Tesla expects to lose full $7,500 tax credit on its cheapest electric car

Tesla told employees that it expects to lose the full $7,500 federal tax credit on its cheapest electric car because the batteries come from China.

Since January, some electric automakers have been enjoying a surge in demand thanks to the new federal tax credit program for electric vehicles coming into place.

Tesla has been the biggest winner since its buyers completely lost access to the tax credit years ago after the automaker hit 200,000 deliveries in the US.

For the last three months, eligible buyers in the US could get a $7,500 tax credit on all Tesla Model 3 and Model Y vehicles, which are the automaker’s two cheapest and most popular models.

However, we knew that things would change by the end of March.

When the new tax credit program was announced, it included requirements for battery production in North America and battery material sourcing in countries with free trade agreements with the US in order to get access to up to half of $7,500 credit.

But the guidance on how these requirements would work was not released in time for the new tax credit coming into effect in January, and therefore, they were waived until the second quarter.

By then, the IRS has been expected to release detailed guidance about how those requirements will be accounted for.

Now Electrek has learned from sources familiar with the matter that Tesla has communicated to employees that it expects the IRS to release the guidance any day now, and the automaker expects to lose the full credit on the Model 3 Standard Range – its cheapest vehicle.
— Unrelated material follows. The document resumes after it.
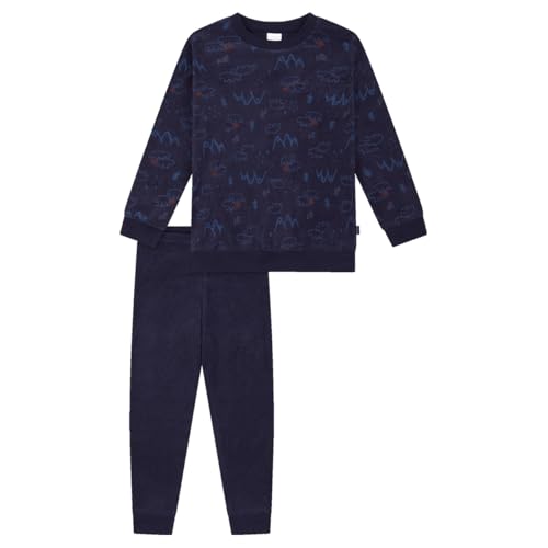 Schiesser pyjamas för pojkar set pyjamas varma kvaliteter frotté – fleece – interlock – storlek 92 till 140, Mörkblå_181861, 104
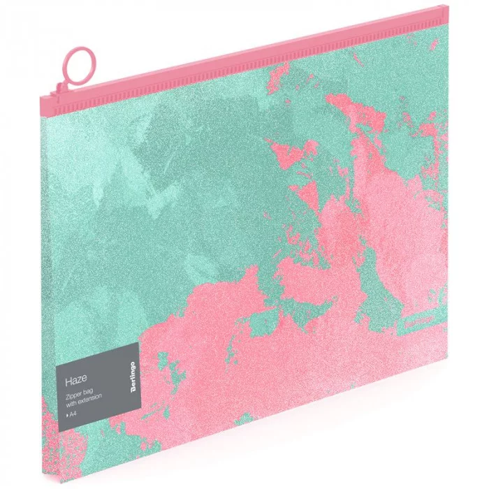 Папка-конверт на молнии с расширением Berlingo "Haze" А4, 180мкм, мятная/розовая, с рисунком, с эффектом блесток 334656

The Model 3 Standard Range is built in Fremont, California, in the US, but its battery pack is using LFP battery cells built in China.

The communication to employees appears to have been done to prepare buyers of those vehicles, as the access to the full credit could change if delivery is done on April 1 rather than March 31 – pending official guidance.

As for Tesla’s other Model Y and Model 3 vehicles in the US, they are expected to retain access to the full tax credit as they are using battery cells built by Tesla or Panasonic in Nevada, California, or Texas.

The battery material sourcing might be more of an issue, but Tesla appears confident that it won’t be the case as a large percentage of its battery materials are sourced from countries with free trade agreements like Australia and Canada.